To tidy part of a dataset I need to separate one column into several. These data takes the form similar to this:
set.seed(2133)
df <- data.frame(a = paste(sample(1:9, 5, replace=T), sample(c("", "%2", "%3"), 5, replace=T), sample(c("", "%3", "%4"), 5, replace=T), sep=""))
df
a
1 6
2 2%3%4
3 6%2
4 3%2
5 5%2%4
Tidyr's separate function wont do the job and the best idea I have is a series of ifelse statements, like this:
df$One <- ifelse(grepl("1", df$a) == T, 1, 0)
df$Two <- ifelse(grepl("2", df$a) == T, 1, 0)
a One Two
1 6 0 0
2 2%3%4 0 1
3 6%2 0 1
4 3%2 0 1
5 5%2%4 0 1
What's the best way to go about such tidying. I'm sure many people working with Open Data Kit (ODK) for data collection will come across this.

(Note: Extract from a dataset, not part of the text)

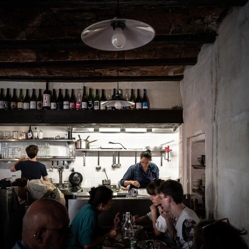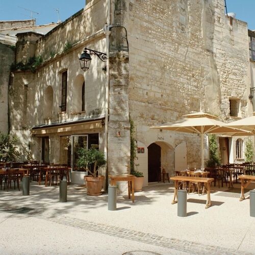 Passée par certaines tables parisiennes emblématiques (Ze Kitchen Galerie, Saturne, Septime), la cheffe Céline Pham, habituée des tables nomades, a posé ses couteaux au cœur d'Arles dans une ancienne chapelle à la déco vintage. On retrouve avec un vif plaisir les marqueurs de sa cuisine fusion franco-vietnamienne, précise et gourmande, où le végétal, on s'en doute, s'impose souvent. Un exemple ? Filet de rouget, pain d’épeautre, tomates confites, fumet de rouget à l’huile de garrigue, courgettes jaunes et chrysanthème. Petite carte de vins nature.

We can loop the patterns (i.e. 1, 2) with sapply
, get a logical matrix, coerce to binary by wrapping with +
and assign it as new columns in 'df'
df[c("One", "Two")] <- +(sapply(1:2, grepl, df$a))
df
# a One Two
#1 6 0 0
#2 2%3%4 0 1
#3 6%2 0 1
#4 3%2 0 1
#5 5%2%4 0 1
If this is to get the binary output for each unique value in 'a' column, we can split the strings in 'a' by the delimiter (%
), the output list
can be converted to data.frame
using stack
, transform
the 'values' column to factor
class by specifying the levels
and do the table
table(transform(stack(setNames(strsplit(as.character(df$a), "[%]"),
1:nrow(df))), values = factor(values, levels= 1:6))[2:1])
Or we can use a convenient function mtabulate
from qdapTools
after splitting.
library(qdapTools)
mtabulate(strsplit(as.character(df$a), "[%]"))